■ Data section ■
--------------------------------

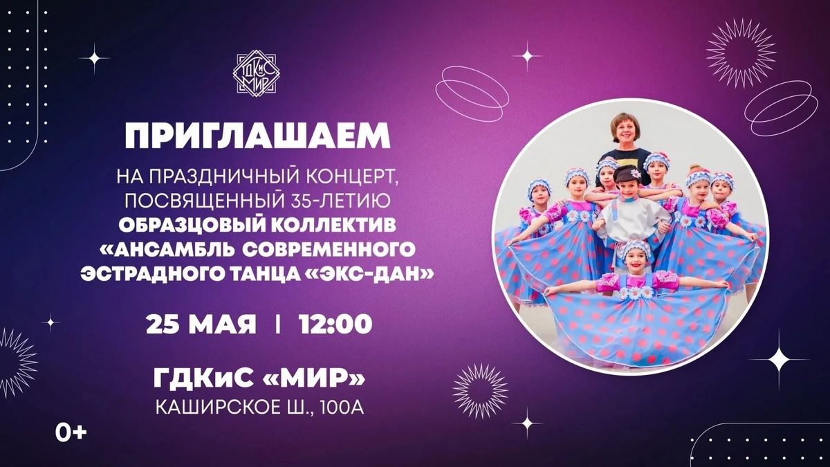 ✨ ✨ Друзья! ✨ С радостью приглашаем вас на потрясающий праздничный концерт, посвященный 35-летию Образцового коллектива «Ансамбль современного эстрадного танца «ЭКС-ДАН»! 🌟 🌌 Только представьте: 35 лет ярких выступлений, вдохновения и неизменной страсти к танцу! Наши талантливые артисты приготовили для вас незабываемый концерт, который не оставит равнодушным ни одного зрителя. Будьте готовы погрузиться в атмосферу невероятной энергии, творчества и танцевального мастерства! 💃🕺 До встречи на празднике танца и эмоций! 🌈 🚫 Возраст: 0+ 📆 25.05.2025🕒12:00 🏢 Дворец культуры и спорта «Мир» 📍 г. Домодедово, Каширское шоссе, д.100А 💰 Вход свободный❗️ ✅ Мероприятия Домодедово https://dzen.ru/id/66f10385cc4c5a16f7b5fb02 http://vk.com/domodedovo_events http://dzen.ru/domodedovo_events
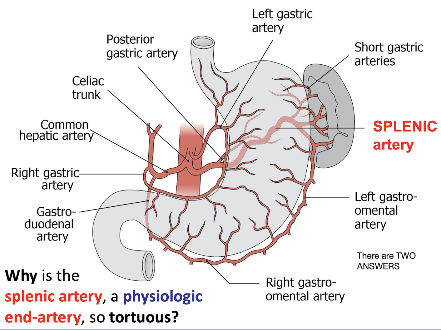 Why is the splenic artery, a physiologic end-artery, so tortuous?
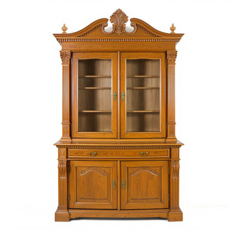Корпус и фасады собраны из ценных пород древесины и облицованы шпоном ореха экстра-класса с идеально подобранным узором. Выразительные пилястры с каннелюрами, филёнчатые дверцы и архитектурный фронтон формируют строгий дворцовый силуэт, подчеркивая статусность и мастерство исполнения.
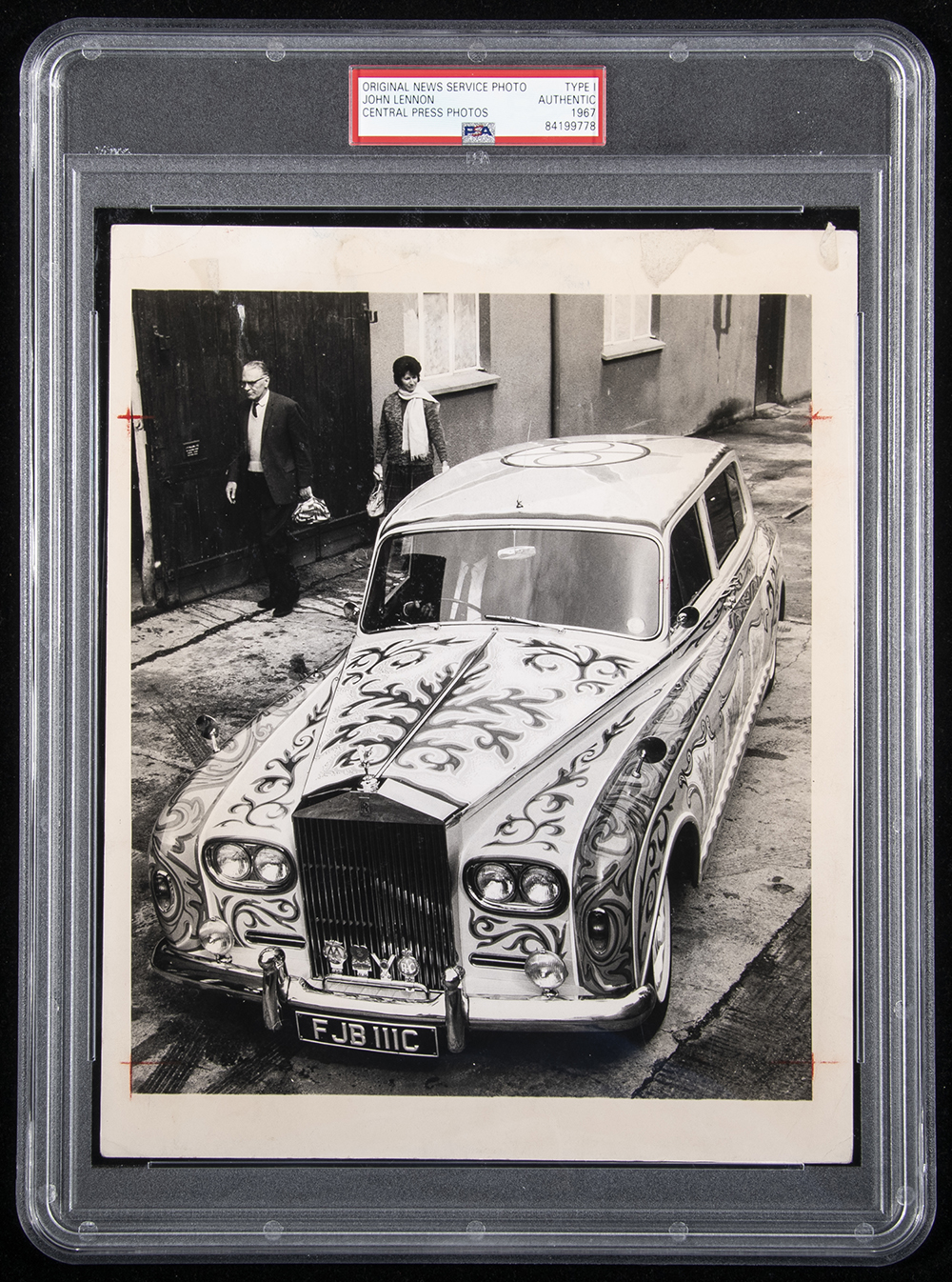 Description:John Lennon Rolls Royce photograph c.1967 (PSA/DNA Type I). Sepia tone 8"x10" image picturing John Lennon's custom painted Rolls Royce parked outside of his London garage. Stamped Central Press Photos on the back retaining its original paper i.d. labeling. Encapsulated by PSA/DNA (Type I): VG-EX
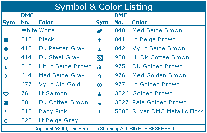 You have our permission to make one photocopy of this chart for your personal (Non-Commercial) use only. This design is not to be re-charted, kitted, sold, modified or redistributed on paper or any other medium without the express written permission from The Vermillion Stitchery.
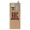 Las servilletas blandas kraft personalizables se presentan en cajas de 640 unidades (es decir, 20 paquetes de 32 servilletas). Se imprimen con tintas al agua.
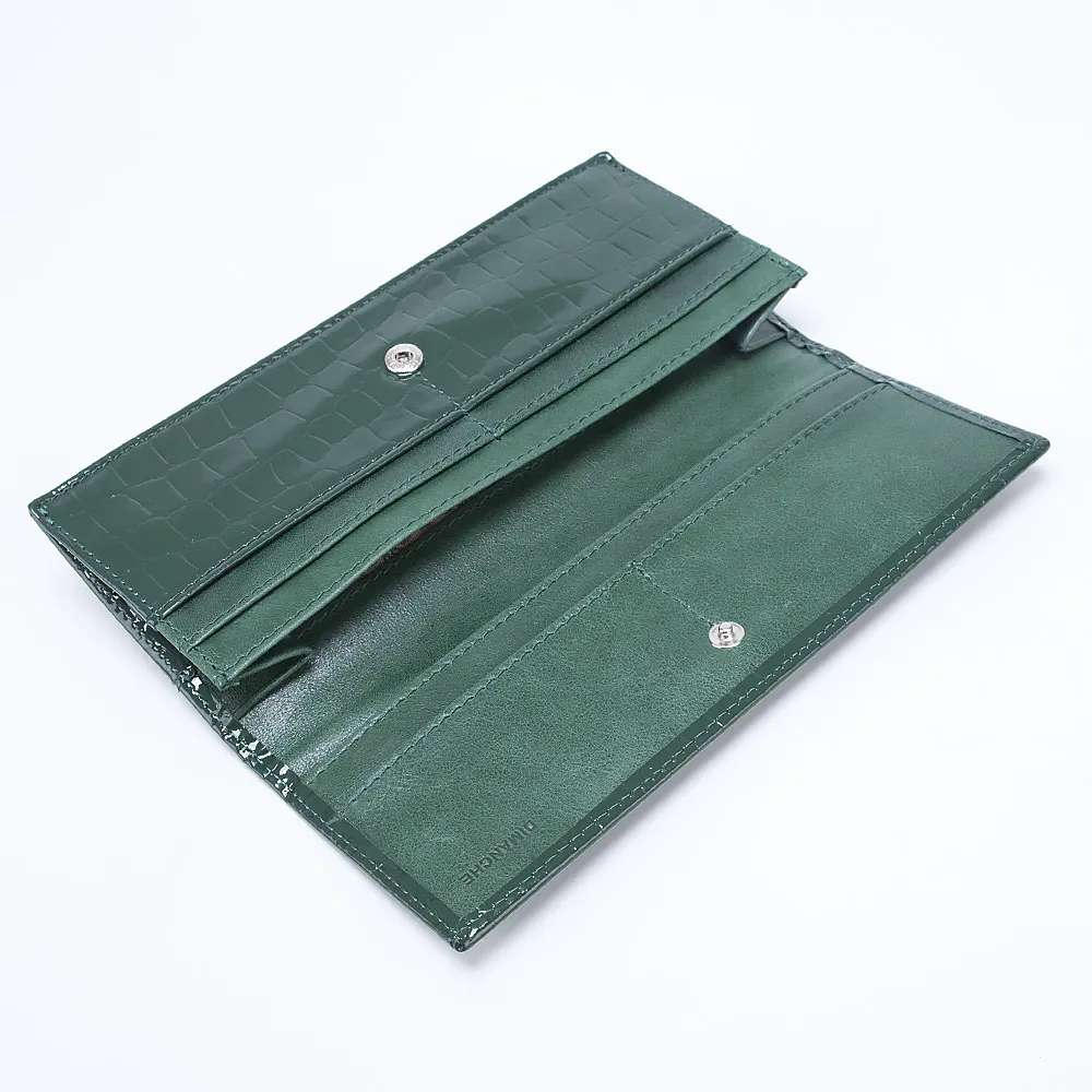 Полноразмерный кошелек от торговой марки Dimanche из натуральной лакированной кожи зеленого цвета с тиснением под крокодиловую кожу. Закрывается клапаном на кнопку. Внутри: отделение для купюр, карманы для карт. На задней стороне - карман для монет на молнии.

--------------------------------

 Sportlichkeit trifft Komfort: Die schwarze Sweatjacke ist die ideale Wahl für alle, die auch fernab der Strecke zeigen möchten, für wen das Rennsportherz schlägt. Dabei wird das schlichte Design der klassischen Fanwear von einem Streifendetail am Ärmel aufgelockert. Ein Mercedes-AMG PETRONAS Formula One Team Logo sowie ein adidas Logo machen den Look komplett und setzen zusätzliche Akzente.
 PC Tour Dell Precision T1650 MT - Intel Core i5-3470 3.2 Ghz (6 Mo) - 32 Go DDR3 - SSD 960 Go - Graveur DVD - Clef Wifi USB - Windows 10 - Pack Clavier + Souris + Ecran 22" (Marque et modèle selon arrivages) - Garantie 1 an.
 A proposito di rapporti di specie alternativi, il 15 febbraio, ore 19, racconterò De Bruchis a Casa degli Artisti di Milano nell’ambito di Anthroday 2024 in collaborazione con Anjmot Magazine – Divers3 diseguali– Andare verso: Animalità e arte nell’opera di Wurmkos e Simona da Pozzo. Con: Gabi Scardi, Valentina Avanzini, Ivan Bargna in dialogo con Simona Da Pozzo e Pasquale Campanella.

--------------------------------

■ Problem to solve ■
I'd like the lines above repeated exactly, from the one that contains "Друзья! ✨ С" through the one that contains "Полноразмерный кошелек от", with no pictures.

■ Result for this exercise ■
 ✨ ✨ Друзья! ✨ С радостью приглашаем вас на потрясающий праздничный концерт, посвященный 35-летию Образцового коллектива «Ансамбль современного эстрадного танца «ЭКС-ДАН»! 🌟 🌌 Только представьте: 35 лет ярких выступлений, вдохновения и неизменной страсти к танцу! Наши талантливые артисты приготовили для вас незабываемый концерт, который не оставит равнодушным ни одного зрителя. Будьте готовы погрузиться в атмосферу невероятной энергии, творчества и танцевального мастерства! 💃🕺 До встречи на празднике танца и эмоций! 🌈 🚫 Возраст: 0+ 📆 25.05.2025🕒12:00 🏢 Дворец культуры и спорта «Мир» 📍 г. Домодедово, Каширское шоссе, д.100А 💰 Вход свободный❗️ ✅ Мероприятия Домодедово https://dzen.ru/id/66f10385cc4c5a16f7b5fb02 http://vk.com/domodedovo_events http://dzen.ru/domodedovo_events
 Why is the splenic artery, a physiologic end-artery, so tortuous?
Корпус и фасады собраны из ценных пород древесины и облицованы шпоном ореха экстра-класса с идеально подобранным узором. Выразительные пилястры с каннелюрами, филёнчатые дверцы и архитектурный фронтон формируют строгий дворцовый силуэт, подчеркивая статусность и мастерство исполнения.
 Description:John Lennon Rolls Royce photograph c.1967 (PSA/DNA Type I). Sepia tone 8"x10" image picturing John Lennon's custom painted Rolls Royce parked outside of his London garage. Stamped Central Press Photos on the back retaining its original paper i.d. labeling. Encapsulated by PSA/DNA (Type I): VG-EX
 You have our permission to make one photocopy of this chart for your personal (Non-Commercial) use only. This design is not to be re-charted, kitted, sold, modified or redistributed on paper or any other medium without the express written permission from The Vermillion Stitchery.
 Las servilletas blandas kraft personalizables se presentan en cajas de 640 unidades (es decir, 20 paquetes de 32 servilletas). Se imprimen con tintas al agua.
 Полноразмерный кошелек от торговой марки Dimanche из натуральной лакированной кожи зеленого цвета с тиснением под крокодиловую кожу. Закрывается клапаном на кнопку. Внутри: отделение для купюр, карманы для карт. На задней стороне - карман для монет на молнии.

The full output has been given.